§ **YOUR GOAL**
The copy you give must match the lines from the top of the data through the line containing "一个不透明的布袋里装有7个只" exactly, and it must hold no pictures.

[DATASET ENTRIES — start]

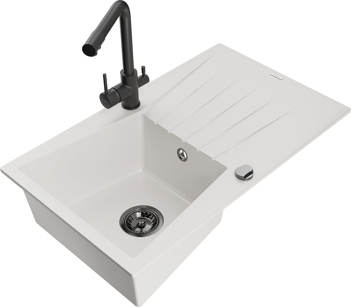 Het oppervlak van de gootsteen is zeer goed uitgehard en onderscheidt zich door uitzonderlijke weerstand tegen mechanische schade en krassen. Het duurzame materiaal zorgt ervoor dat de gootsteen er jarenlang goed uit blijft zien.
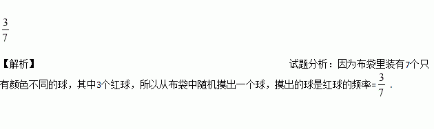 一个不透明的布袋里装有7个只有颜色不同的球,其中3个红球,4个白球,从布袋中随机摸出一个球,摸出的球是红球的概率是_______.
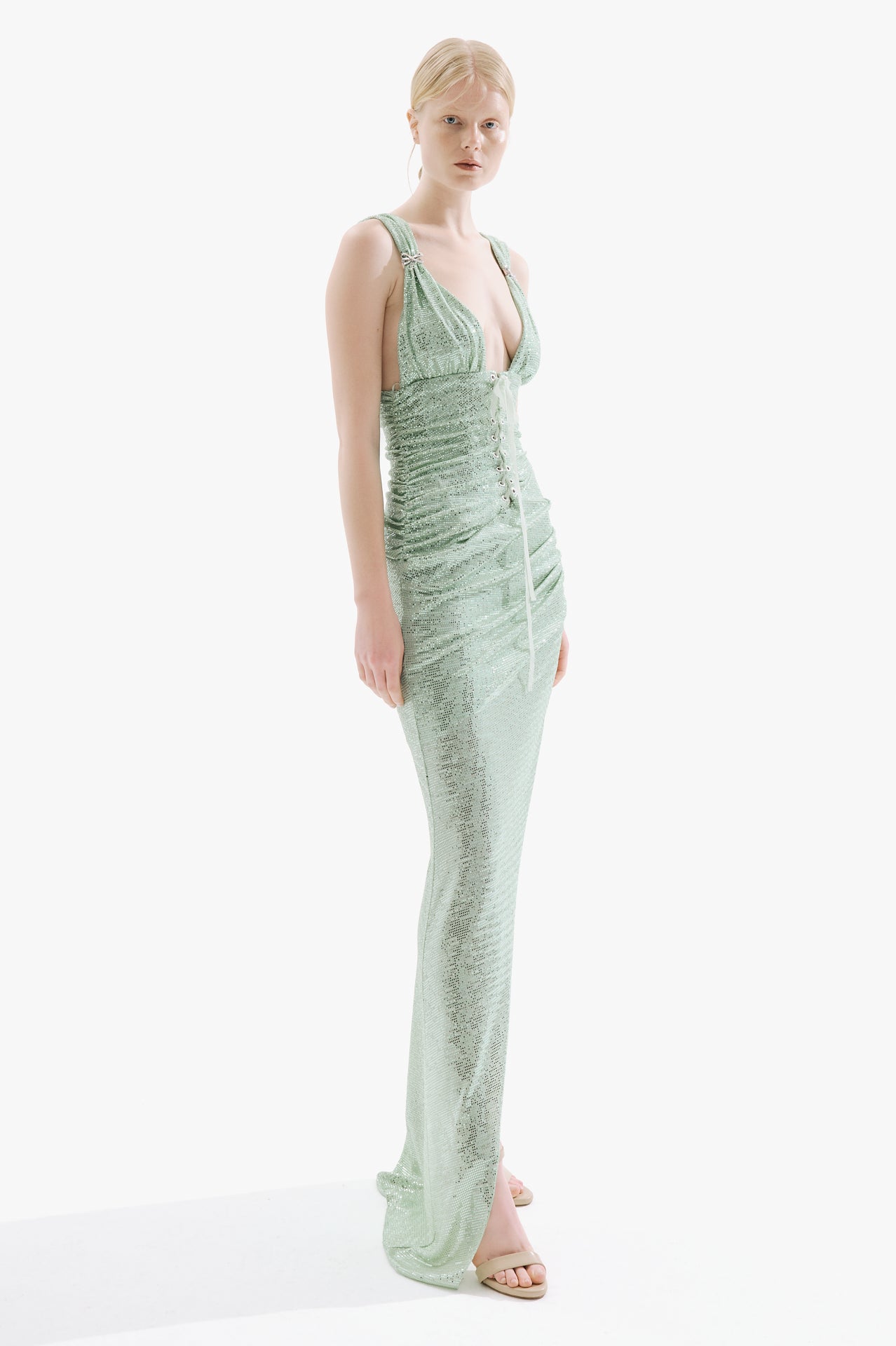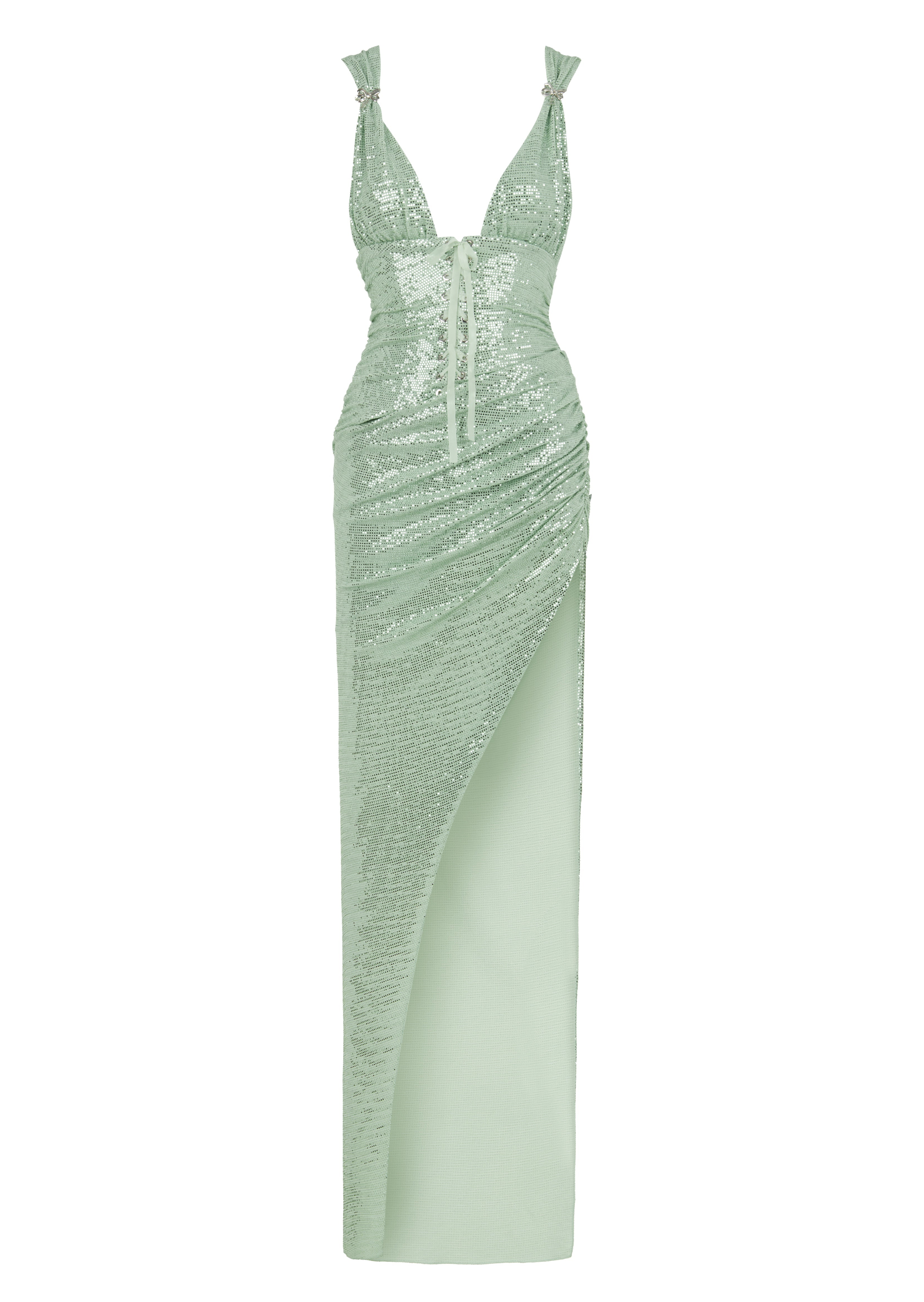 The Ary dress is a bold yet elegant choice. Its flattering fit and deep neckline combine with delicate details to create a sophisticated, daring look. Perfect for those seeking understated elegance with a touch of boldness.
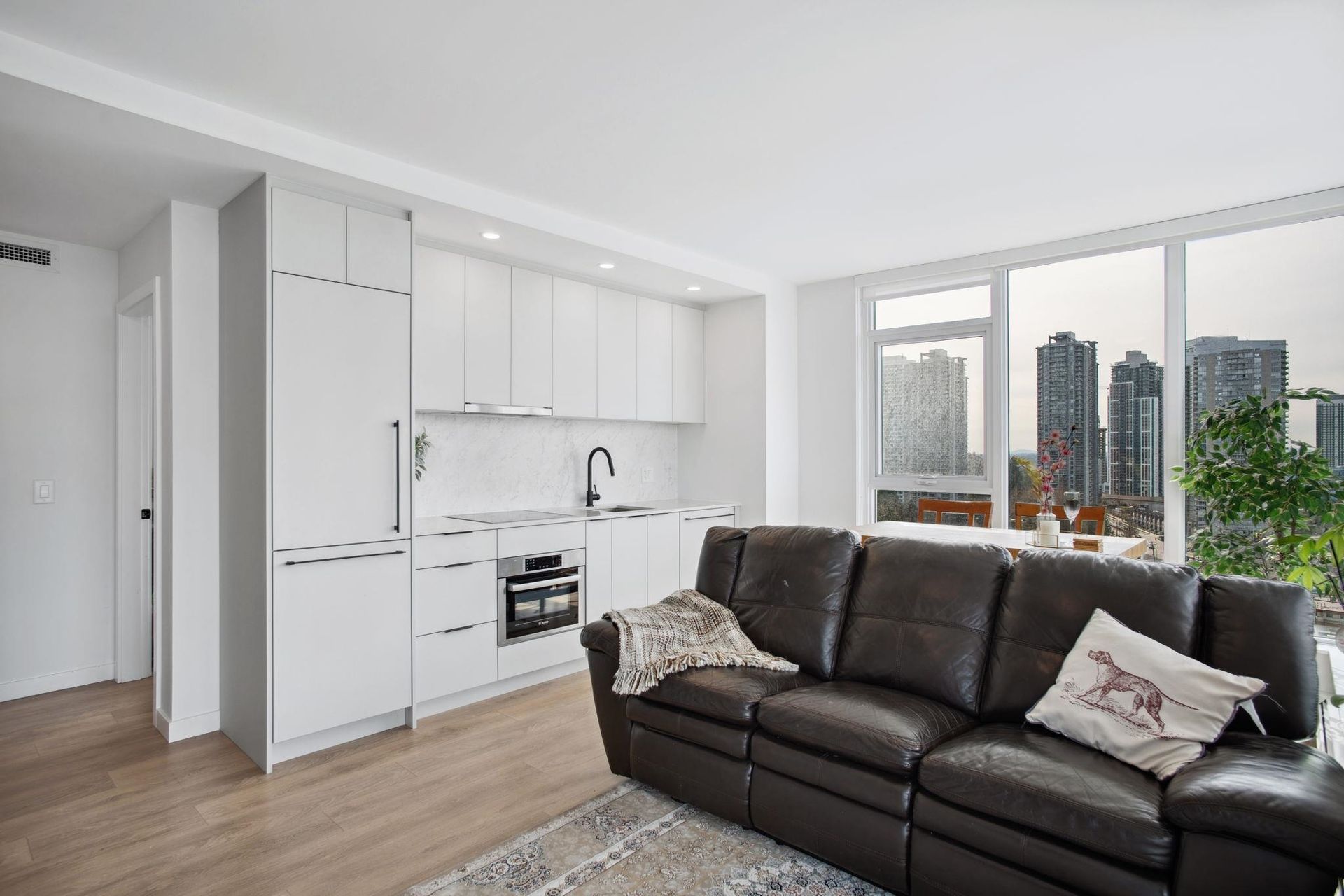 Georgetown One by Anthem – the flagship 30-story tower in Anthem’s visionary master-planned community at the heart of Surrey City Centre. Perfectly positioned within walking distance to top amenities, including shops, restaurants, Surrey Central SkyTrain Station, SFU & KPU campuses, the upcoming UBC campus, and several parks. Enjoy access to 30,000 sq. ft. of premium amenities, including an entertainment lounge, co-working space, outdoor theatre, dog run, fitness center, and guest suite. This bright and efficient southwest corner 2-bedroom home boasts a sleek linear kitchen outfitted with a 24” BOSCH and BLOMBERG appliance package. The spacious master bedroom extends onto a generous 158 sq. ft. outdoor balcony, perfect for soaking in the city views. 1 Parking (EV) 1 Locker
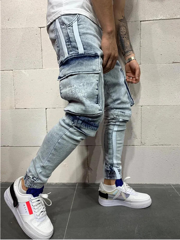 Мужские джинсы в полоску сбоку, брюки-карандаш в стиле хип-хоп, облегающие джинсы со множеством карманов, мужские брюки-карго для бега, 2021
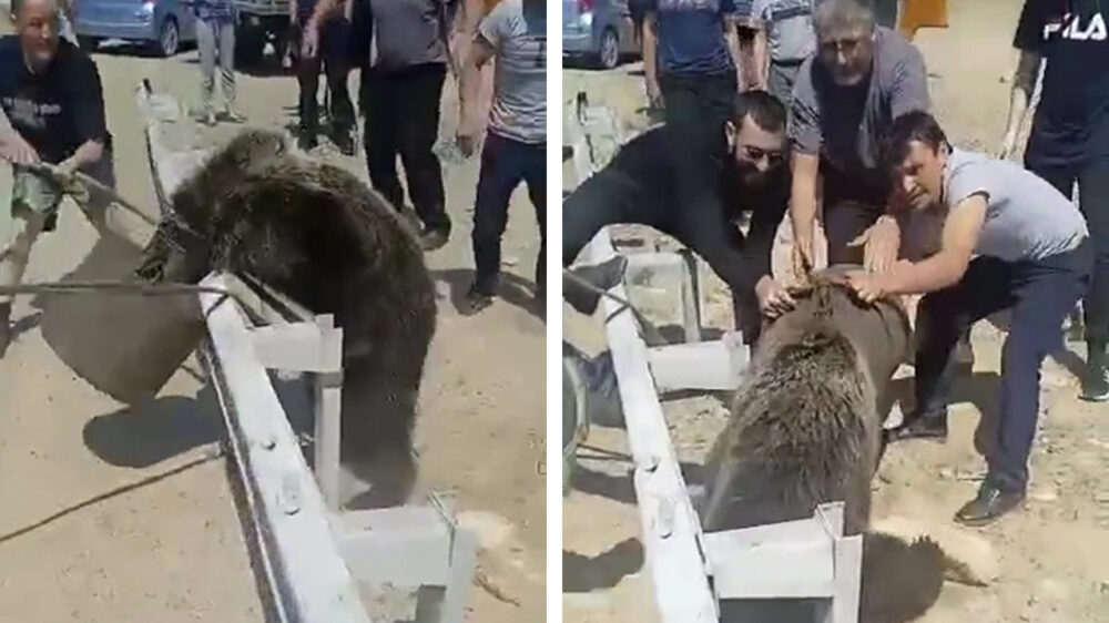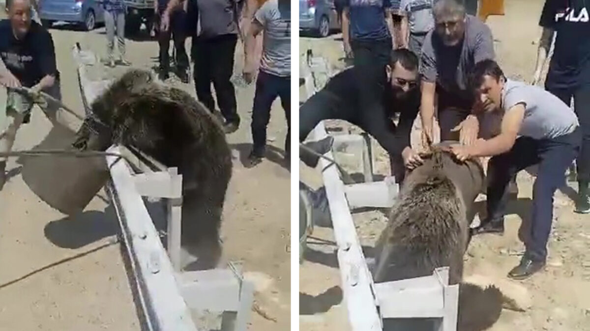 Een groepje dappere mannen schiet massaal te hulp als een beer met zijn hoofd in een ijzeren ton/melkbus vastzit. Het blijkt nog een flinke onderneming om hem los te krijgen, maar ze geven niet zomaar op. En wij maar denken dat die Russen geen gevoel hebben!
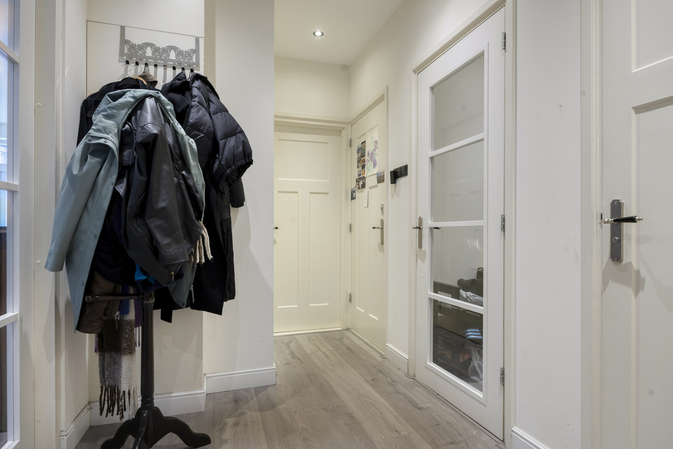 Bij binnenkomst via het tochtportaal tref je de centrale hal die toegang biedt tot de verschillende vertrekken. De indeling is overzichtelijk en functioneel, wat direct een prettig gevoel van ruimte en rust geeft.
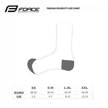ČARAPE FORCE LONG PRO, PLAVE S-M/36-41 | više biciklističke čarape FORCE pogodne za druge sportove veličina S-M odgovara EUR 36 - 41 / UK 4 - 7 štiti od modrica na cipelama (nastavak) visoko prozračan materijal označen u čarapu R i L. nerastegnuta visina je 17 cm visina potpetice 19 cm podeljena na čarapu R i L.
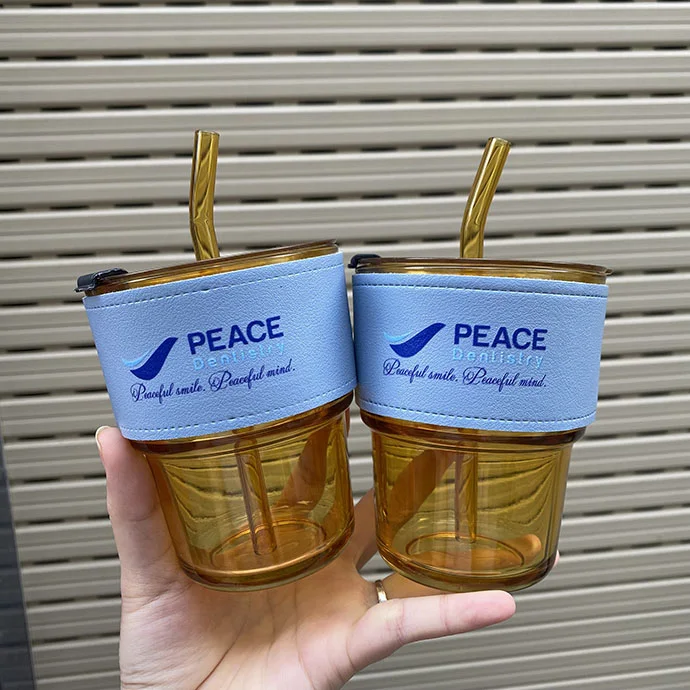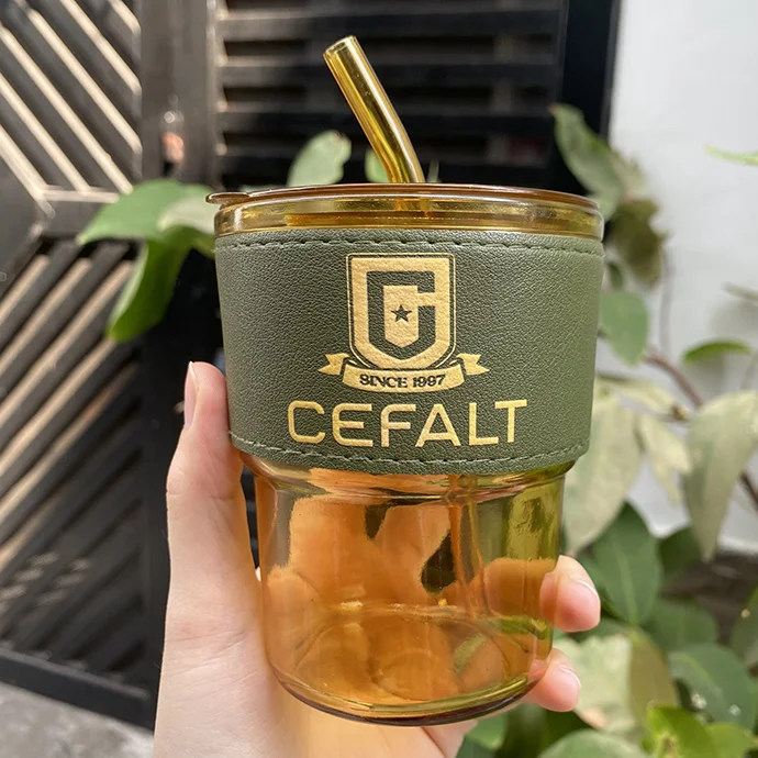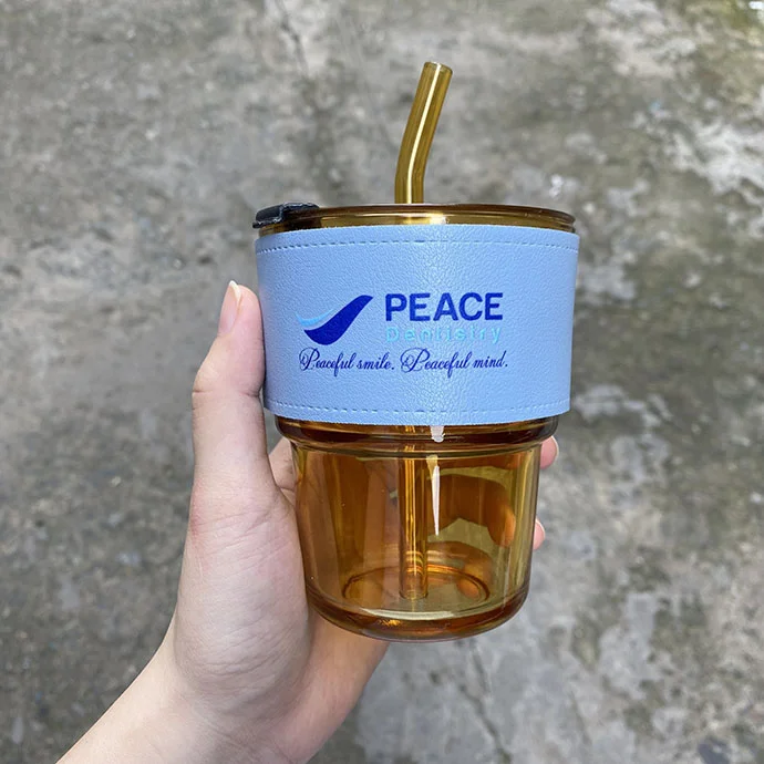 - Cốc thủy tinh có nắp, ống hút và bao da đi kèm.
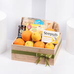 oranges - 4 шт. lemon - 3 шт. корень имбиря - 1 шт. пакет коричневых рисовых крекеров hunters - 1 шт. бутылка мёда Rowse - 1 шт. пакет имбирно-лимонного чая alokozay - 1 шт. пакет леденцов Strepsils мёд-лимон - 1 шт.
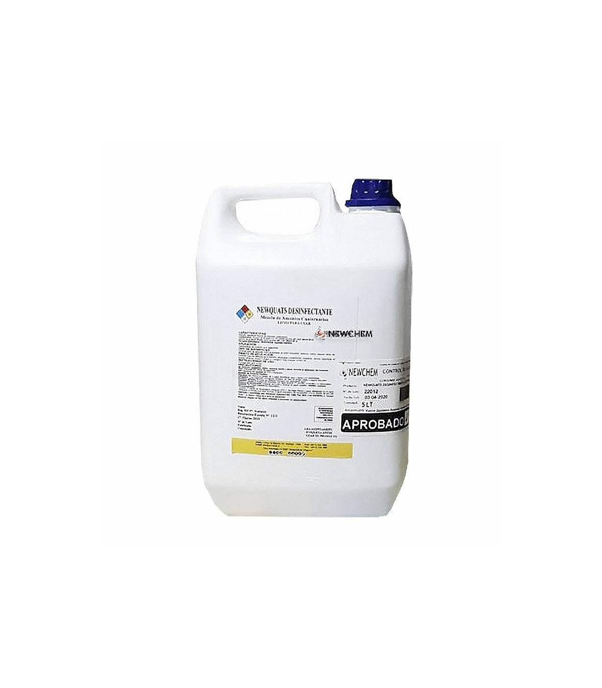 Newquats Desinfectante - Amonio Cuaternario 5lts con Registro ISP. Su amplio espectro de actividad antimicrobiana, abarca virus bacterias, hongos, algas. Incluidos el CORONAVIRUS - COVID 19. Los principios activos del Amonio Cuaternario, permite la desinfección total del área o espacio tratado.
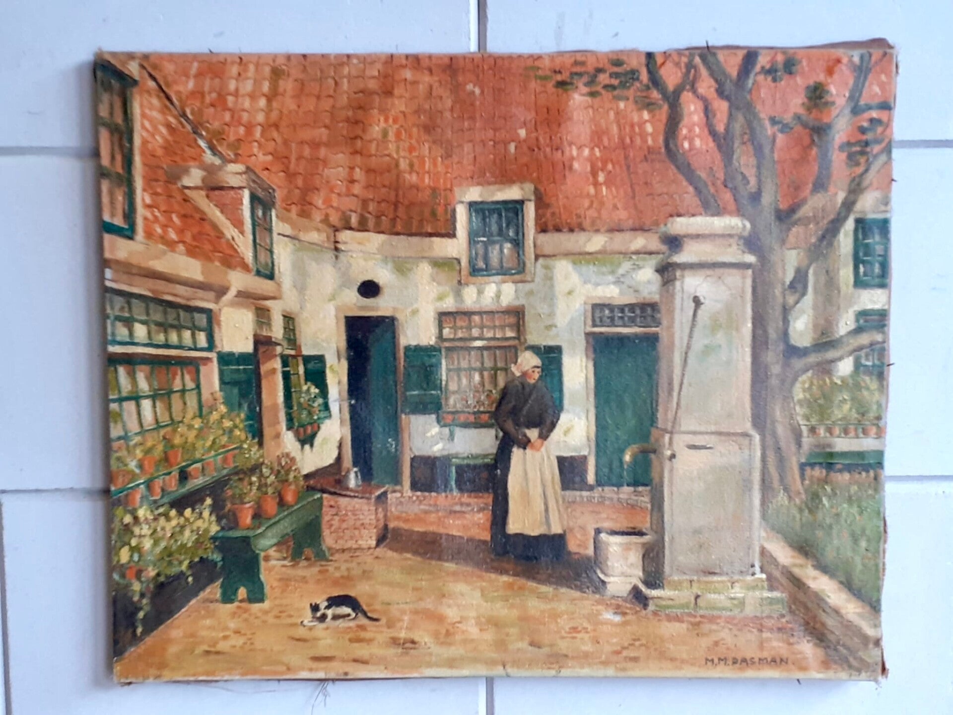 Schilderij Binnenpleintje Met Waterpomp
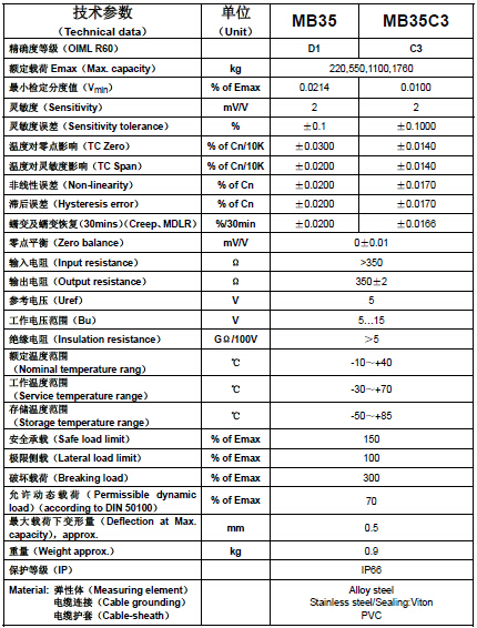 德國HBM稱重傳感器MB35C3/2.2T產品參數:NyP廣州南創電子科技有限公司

[DATASET ENTRIES — finish]

§ **TASK RESPONSE**
 Het oppervlak van de gootsteen is zeer goed uitgehard en onderscheidt zich door uitzonderlijke weerstand tegen mechanische schade en krassen. Het duurzame materiaal zorgt ervoor dat de gootsteen er jarenlang goed uit blijft zien.
 一个不透明的布袋里装有7个只有颜色不同的球,其中3个红球,4个白球,从布袋中随机摸出一个球,摸出的球是红球的概率是_______.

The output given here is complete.